| > conflict is actually not far from being constrained by production If anyone is talking about escalation risk, production isn’t the bottleneck. We are nowhere close to being resource constrained in the Middle East. > the US Navy may find itself with insufficient stockpiles to defend itself against the PLA In a production contest it’s maximum sustainable flows, not stocks, that matter. (Stocks buy you time to get flows up.) To the extent challenging the PLA is a concern, boosting production to counter the Houthis is a net win. > ability to defend against credible Chinese saturation attacks is already marginal You’re arguing both ways. If their value is marginal, expending them now is fine. Your broader point—I think—is correct. America doesn’t want to spread itself thin. But that’s a constraint at the CVN level. Once the carrier strike force is positioned, it’s immaterial whether it’s firing off missiles or guns. Anyone positioning Iran et al v America et al is missing key pieces in the logistics of war. |
The older SM-2s may have more plentiful stocks, but most of them have been deemed too dangerous to use after causing serious damage in test firings, and there are only around 180 modernized versions available, and the missile itself is no longer produced.
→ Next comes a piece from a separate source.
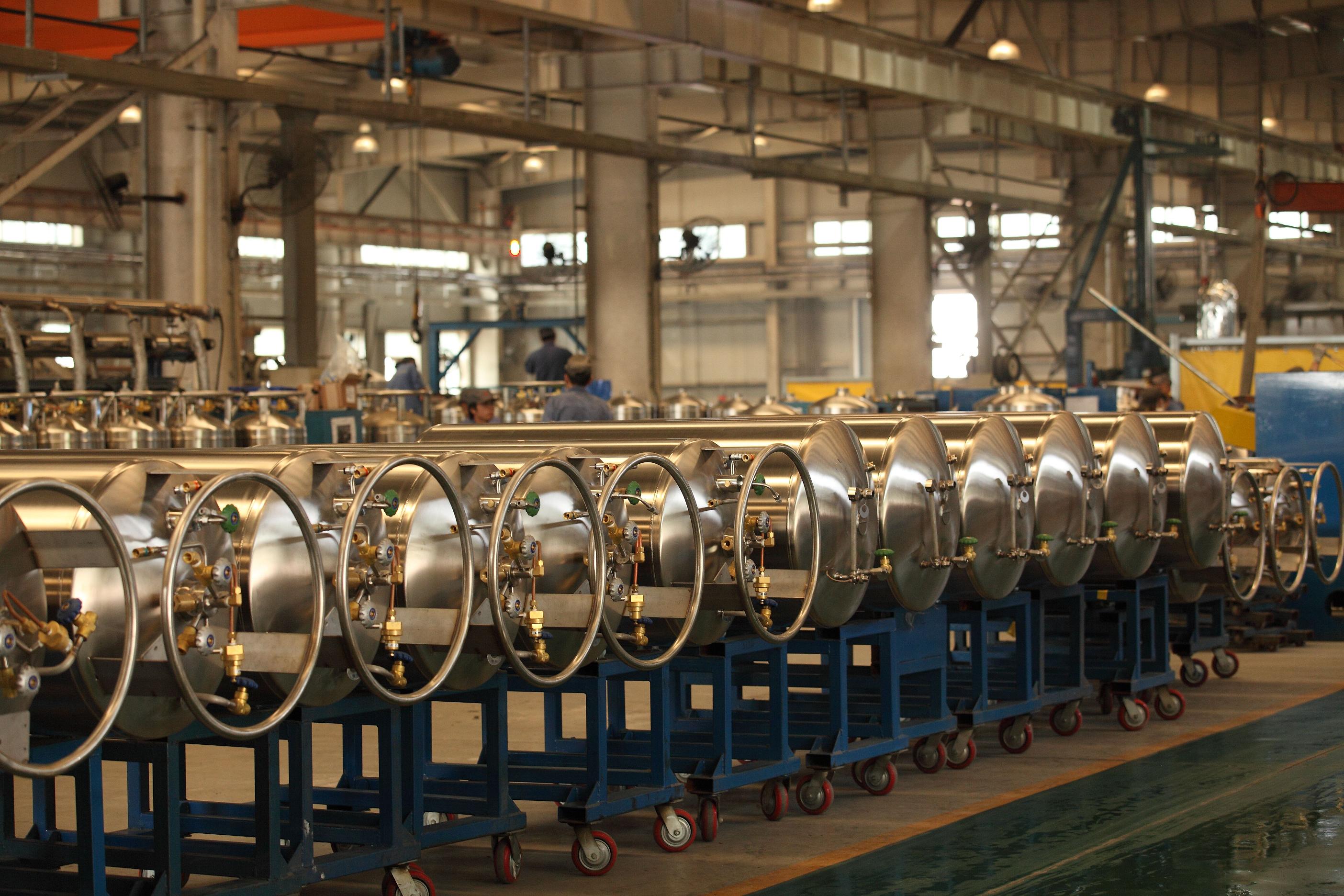 天海工业漷县生产基地拥有先进的生产流水线以及高素质的专业服务团队,主要生产低温绝热气瓶,车用LNG车载瓶及其供气系统,产品广泛应用于公交车、旅游巴士及重卡等方面。公司先后与陕西重汽、山西大运、贵阳公交、郑州宇通、厦门金旅等国内众多主机厂取得合作,并得到客户的广泛好评。产品已通过TPED欧盟认证,远销至英国,同时,在全国主要省份设立了售后服务站点,24小时全天候服务,为各城市LNG车辆运行提供保障服务。

Defending against a saturation attack means that the value experiences a step function. Either you have enough missiles to stop most low-tech enemy missiles, and you're going to be largely fine, or you don't, and your entire fleet might sink. It's not something you can afford to. The US Navy is never going to allow stocks to go under what is necessary to stop at least a long-range Chinese attack, and that means at least 600 missiles, which is a serious chunk of what remains.
Boosting production to counter the Houthis is surely something the US will do. It will take 2-3 years to bear fruit. In the meantime, stocks are not sufficient to tank Iran's capability to produce these kinds of missiles.
I think that the most likely outcome is either more shipping companies negotiating terms to transit unharmed, like China's COSCO has all but admitted to have done, or these detours to continue.